Gelet op voorgaande acht de rechtbank het onder 1 ten laste gelegde feit wettig en overtuigend bewezen.
Ten aanzien van feit 2
Aangeefster heeft verklaard dat ze tijdens de derde tussenstop half bovenop verdachte lag in de auto en dat ze met hem lag te knuffelen. Verdachte wilde lepeltje lepeltje liggen met haar. Ze ging terug naar haar eigen stoel en lag half te slapen. Verdachte probeerde achter haar te komen liggen. Ze zei dat dat niet lukte, maar hij zei dat hij dat ging doen en hij lag achter haar. Ze voelde dat verdachte haar met de tong probeerde te zoenen. Ze heeft gezegd dat hij moest ophouden, omdat vrienden zoiets niet doen. Aangeefster heeft verklaard dat verdachte haar jurkje en BH naar beneden deed en aan haar tepels likte. Hij zat op zijn knieën voor haar stoel. Ze zei dat hij op moest houden en lag nog half te slapen. Hij ging gewoon door. Verdachte zat met zijn vinger in haar vagina. Zij voelde dat en zei dat hij moest ophouden. Op het moment dat hij zijn broek naar beneden wilde doen en omhoog kwam, heeft ze hem weggeduwd. Ze besefte dat hij seks met haar wilde. Hij werd boos en zei dat ze altijd wilde neuken en nu niet. Vervolgens stapte verdachte uit de auto. Tijdens het politieverhoor heeft aangeefster gezegd dat ze, op het moment dat de politie kwam en aan haar vroeg of er meer gebeurd was, besefte dat er ook nog dingen waren gebeurd op seksueel gebied die ze niet wilde.

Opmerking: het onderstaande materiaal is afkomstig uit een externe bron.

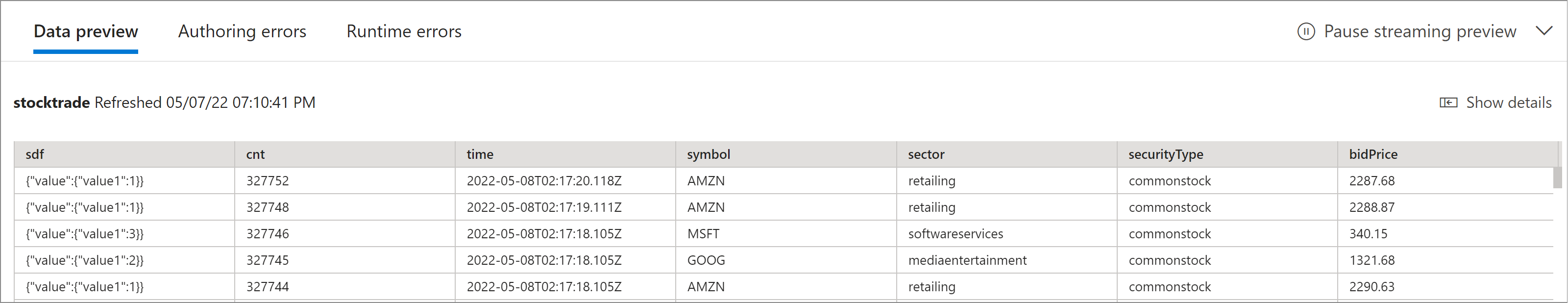 - A live sample of incoming data in the Data preview table under the diagram view. It automatically refreshes periodically. You can select Pause streaming preview to see a static view of the sample input data.

Verdachte heeft verklaard dat aangeefster op zijn schoot lag te slapen. Op een gegeven moment begonnen ze te zoenen en aan elkaar te zitten. Aangeefster vroeg zich af of vrienden dit wel deden. Hij heeft haar jurkje iets naar beneden gegaan en heeft haar borsten aangeraakt en daar een kusje op gegeven. Zij legde zijn hand op haar kont. Hij heeft haar jurkje weggeschoven en heeft haar gevingerd en gebeft. Toen hij met zijn piemel langs haar vagina ging, zei ze dat ze dat liever niet wilde. Hij is van haar af gegaan en heeft zich weer aangekleed.
Overwegingen
Op grond van de verklaringen van aangeefster en verdachte staat voor de rechtbank vast dat op 10 juni 2018 in de auto tussen verdachte en aangeefster seksuele handelingen hebben plaatsgevonden, waarbij verdachte aangeefster heeft gevingerd en aan haar borsten heeft gelikt, zoals ten laste is gelegd. De rechtbank dient vervolgens de vraag te beantwoorden of verdachte aangeefster heeft gedwongen deze handelingen te ondergaan door (bedreiging met) geweld of een andere feitelijkheid, bestaande uit het voorbijgaan aan (non-)verbale signalen van verzet van aangeefster, aangeefster als passagier meenemen in de auto en haar beletten het voertuig te verlaten, misbruik maken van zijn fysieke overwicht ten opzichte van aangeefster, kledingstukken van aangeefster naar beneden trekken en tegen haar zeggen dat ze altijd wil neuken en nu niet. De rechtbank overweegt als volgt.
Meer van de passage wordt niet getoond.